Boston Bar is a small town of fewer than 1,000 people about 150 miles outside of Vancouver in British Columbia. It’s the kind of place where everybody knows everybody else, and that applies to Constable Chad Gravelle, who was finishing up the day’s paperwork when he got the call at his office less than a block away from the Forman home.
The 911 dispatcher told Gravelle that a cougar was attacking a young boy. When the constable took down the address and family name, he knew immediately that the boy could only be Austin Forman.
He rushed to the home, thinking that Austin’s life was in danger. When he arrived, “One of their daughters ran out on the porch and said, ‘Hurry up, Chad, the cougar’s got our dog,’ ” Gravelle said. “At that point, I was a little bit more relieved that Austin was OK because I know he’s the only young boy in this house. Now we only had to deal with the dog.”
A shot in the dark
Gravelle drew his sidearm and went out the back door. He saw the cougar’s tail extending out from underneath the porch. Although he had a flashlight, it was dark and hard to see, and Gravelle was dealing with a deadly animal in a confined space.
“The dog and the cougar were all kind of tangled up as one unit,” he said. But he was able to see the big cat’s hindquarters and fired one shot, hoping to sever the animal’s spine.
When the cougar kept up its attack on Angel, Gravelle moved around to get in front of the cougar, which was less than 6 feet away.
“It was really dark out, and I was just trying to line up my shot as best I could. I could just see about two or three inches of the cougar’s head sticking out from behind Angel, and luckily I was able to get a good shot off,” Gravelle said.
“Without him, there’s no way Angel would have survived,” Sherri said. “The sounds had all stopped, and it was just a matter of seconds.

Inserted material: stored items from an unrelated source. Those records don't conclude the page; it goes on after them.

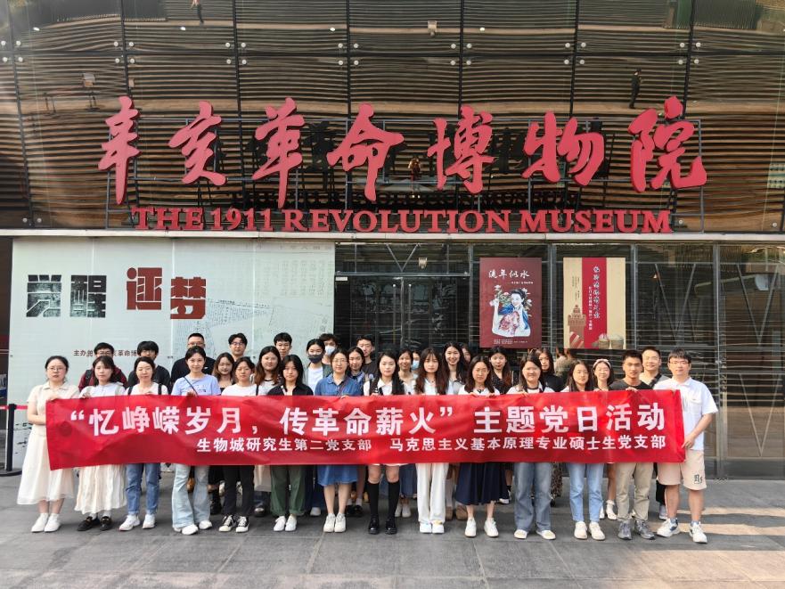 (通讯员:陈茁芊)4月27日,生物城研究生第二党支部同马克思主义基本原理专业硕士生党支部共同开展“忆峥嵘岁月,传革命薪火”联合党日活动,两个支部的党员同志一同前往辛亥革命博物馆参观,了解辛亥革命的历史背景和伟大意义,感悟革命先烈的丰功伟绩,激励青年学子勇于担当,传承革命精神。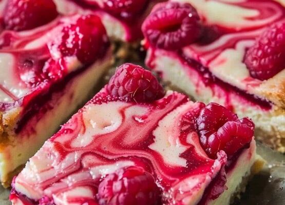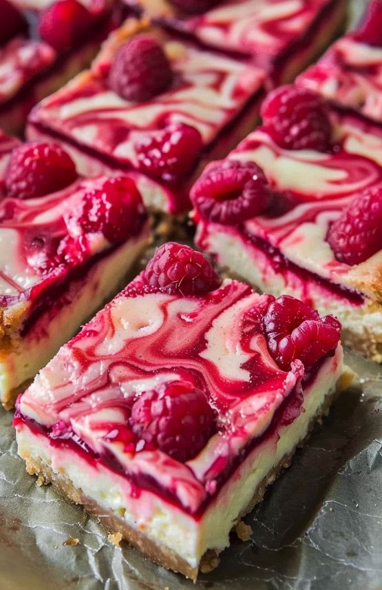 - In a separate bowl, beat the softened cream cheese with the sugar until smooth. Add the egg and mix until well combined. Gently fold in the raspberry puree, creating a marbled effect.
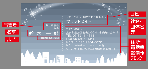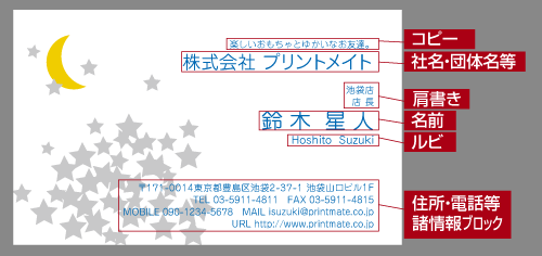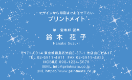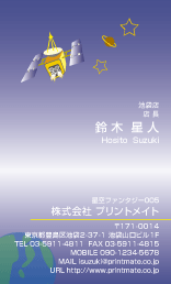 デザイン名刺(星・月・宇宙)は星・月・宇宙・地球・流れ星・星座・夜空などをテンプレート見本で名刺作成できます。ロゴ・写真・QR入れOK!即日印刷・当日受取りできます。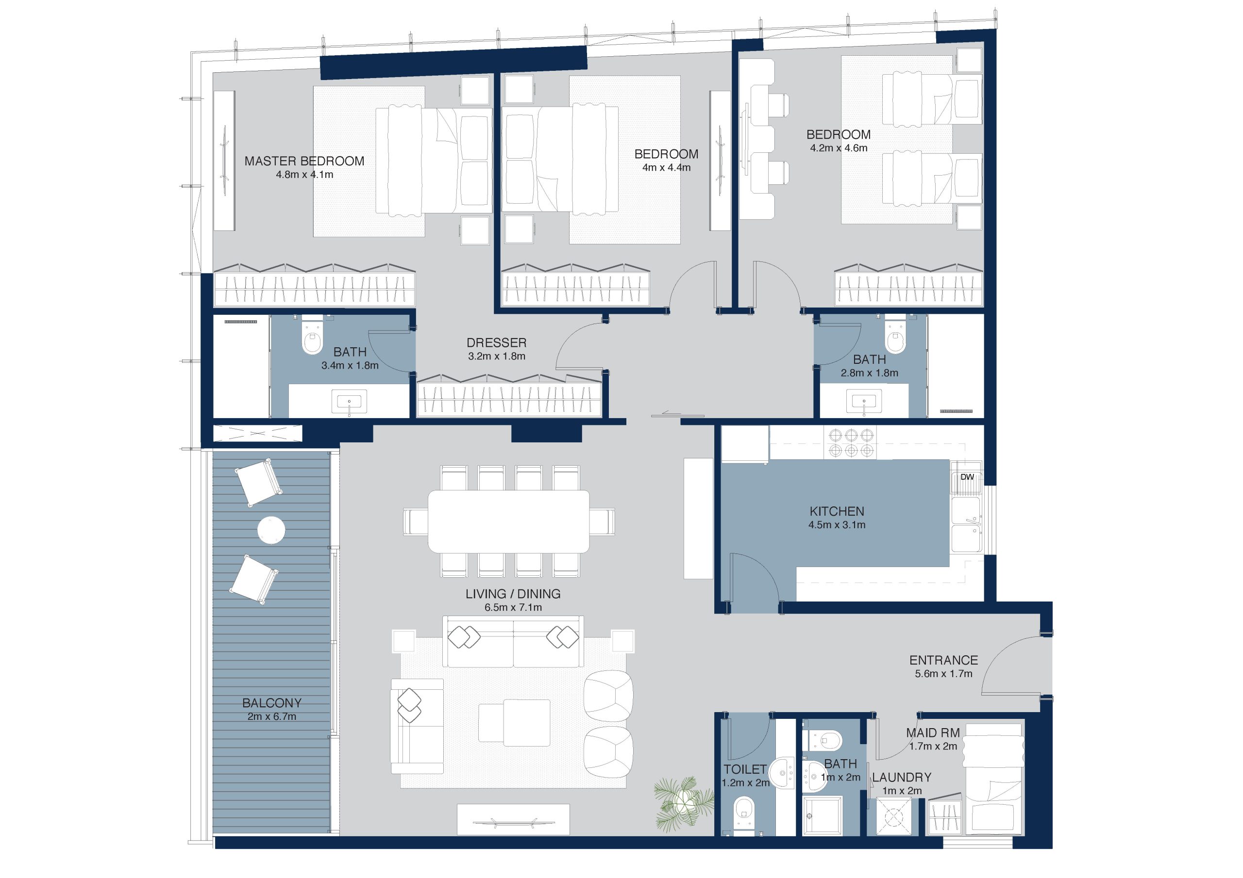 Framed by large windows, this bright and modern 3 bedroom apartment (from 9th to 31st floor) captures uninterrupted views of the Al Mamzar waterfront. It’s a soothing space designed for both comfort and connection to nature.

The timing was perfect.”
The shot killed the cougar and missed Angel, but the cat still had its jaws around the dog’s head.

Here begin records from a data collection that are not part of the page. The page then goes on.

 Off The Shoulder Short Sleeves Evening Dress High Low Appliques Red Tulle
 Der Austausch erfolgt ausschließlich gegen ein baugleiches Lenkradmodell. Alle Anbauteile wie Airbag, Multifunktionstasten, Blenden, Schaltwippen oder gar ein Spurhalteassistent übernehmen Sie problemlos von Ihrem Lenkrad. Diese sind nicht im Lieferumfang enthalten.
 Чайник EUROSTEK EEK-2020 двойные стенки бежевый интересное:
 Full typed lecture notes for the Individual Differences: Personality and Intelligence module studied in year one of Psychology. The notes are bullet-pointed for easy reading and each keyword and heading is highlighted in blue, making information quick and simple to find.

Austin’s cousin, Travis Comkin, was also at the house, and he went to help Angel.
“The cougar had its mouth over the top of the dog’s mouth, trying to suffocate it, blood all over the animal,” Comkin told NBC News. “And out of nowhere, the dog breathed a gasp of air, just like it comes back from being dead, and just spits up blood. And I’m looking at her, and I’m holding her, and I’m like, she’s going to be all right.”
From being all but dead, Angel went back to romping around the backyard, her head covered in blood. The Formans took her to a veterinarian, where she was treated for extensive — but not life-threatening — injuries.
“She had surgery yesterday afternoon,” Sherri told Lauer. “She was in for about an hour in surgery: extensive injuries to her head. Her skull was fractured, and they had to piece it together along with numerous other wounds. We’re hopeful for a full recovery.”
Angel was expected to return home as early as Tuesday to a hero’s welcome and a thank-you present purchased especially for her by her best friend.
“I bought her a big, nice juicy steak,” Austin told Lauer.